:: Activity ::
Give back the full listing verbatim, apart from its images.

:: The data ::
☆ ☆ ☆ ☆ ☆ ☆ ☆

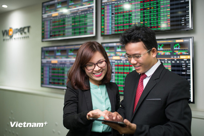 Nhiều nhóm nhà đầu tư đã túc trực theo dõi thông tin cả đêm hôm qua cho đến rạng sáng hôm nay với tâm lý “vỡ òa” sau đón nhận thông tin thị trường được nâng hạng. (Ảnh: Vietnam+)
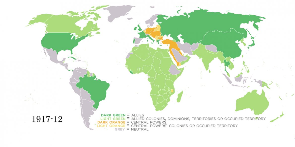 Ο χρήστης του Reddit (διαδικτυακή υπηρεσία με ψυχαγωγική και ειδησεογραφικό χαρακτήρα) Srirachachacha μοιράστηκε αυτό το χάρτη που απεικονίζει την «εξάπλωση» του πολέμου σε όλο τον κόσμο. Το GIF δίνει μια συναρπαστική ματιά στο έδαφος και στις κτήσεις που κατείχαν οι Ενωμένες Δυνάμεις (Αντάντ) από τη μια και οι Κεντρικές Δυνάμεις από την άλλη, όπως επίσης τις αποικίες τους.
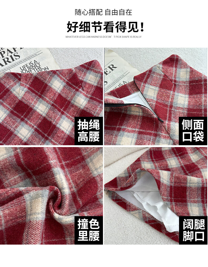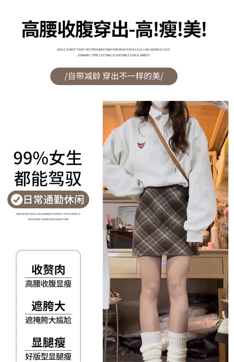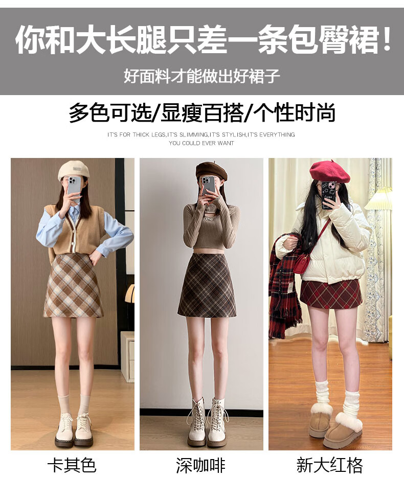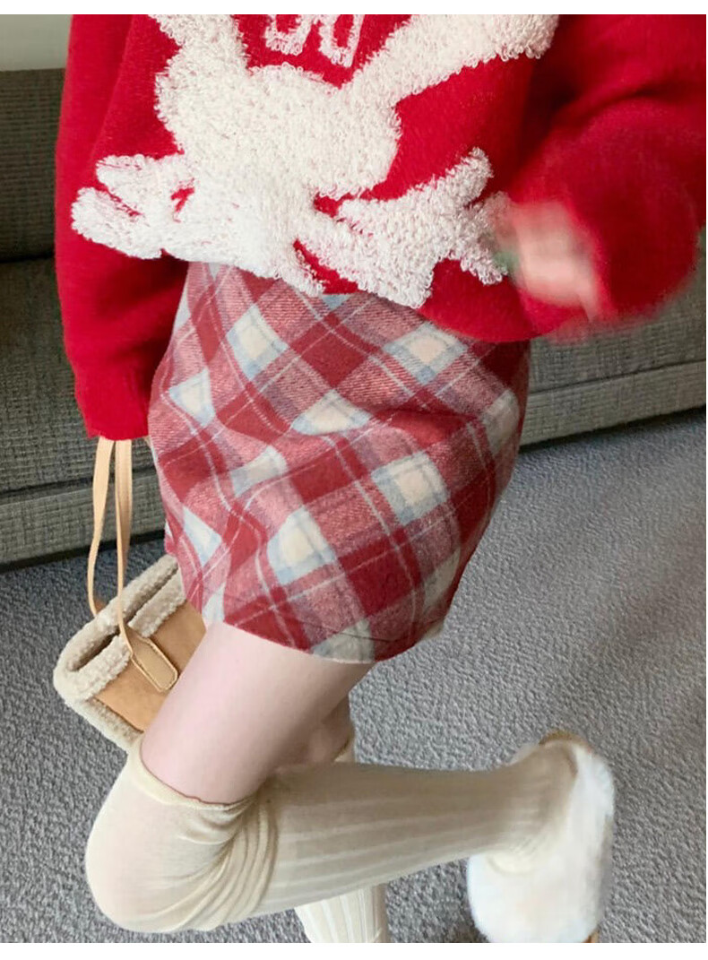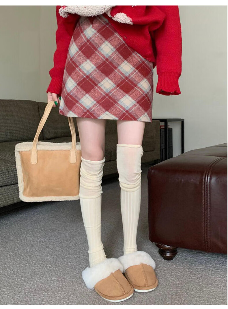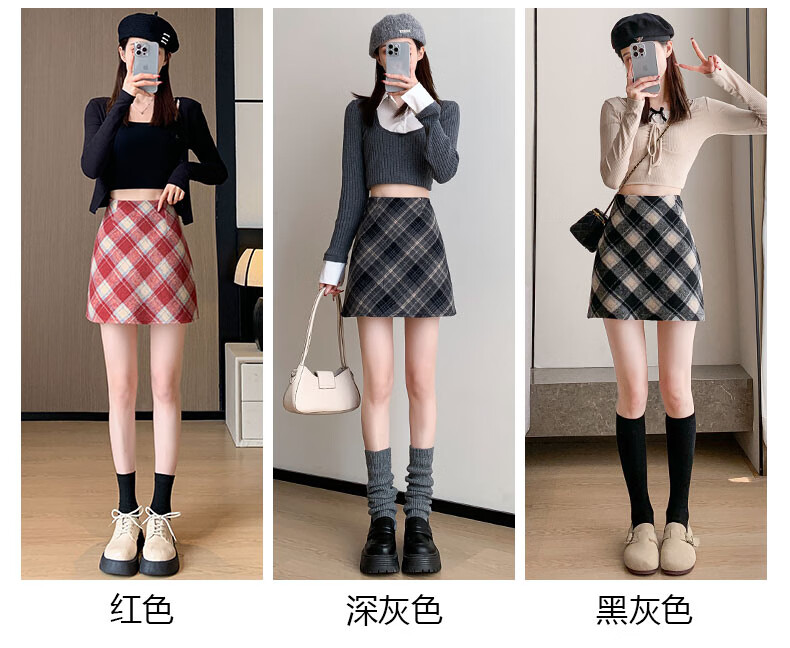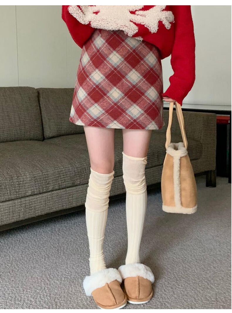 Langsha Woolen Plaid Skirt Women's Winter 2025 New Slim High Waist A-Line Hip Skirt Small Skirt

☆ ☆ ☆ ☆ ☆ ☆ ☆

:: Exercise answer ::
 Nhiều nhóm nhà đầu tư đã túc trực theo dõi thông tin cả đêm hôm qua cho đến rạng sáng hôm nay với tâm lý “vỡ òa” sau đón nhận thông tin thị trường được nâng hạng. (Ảnh: Vietnam+)
 Ο χρήστης του Reddit (διαδικτυακή υπηρεσία με ψυχαγωγική και ειδησεογραφικό χαρακτήρα) Srirachachacha μοιράστηκε αυτό το χάρτη που απεικονίζει την «εξάπλωση» του πολέμου σε όλο τον κόσμο. Το GIF δίνει μια συναρπαστική ματιά στο έδαφος και στις κτήσεις που κατείχαν οι Ενωμένες Δυνάμεις (Αντάντ) από τη μια και οι Κεντρικές Δυνάμεις από την άλλη, όπως επίσης τις αποικίες τους.
 Langsha Woolen Plaid Skirt Women's Winter 2025 New Slim High Waist A-Line Hip Skirt Small Skirt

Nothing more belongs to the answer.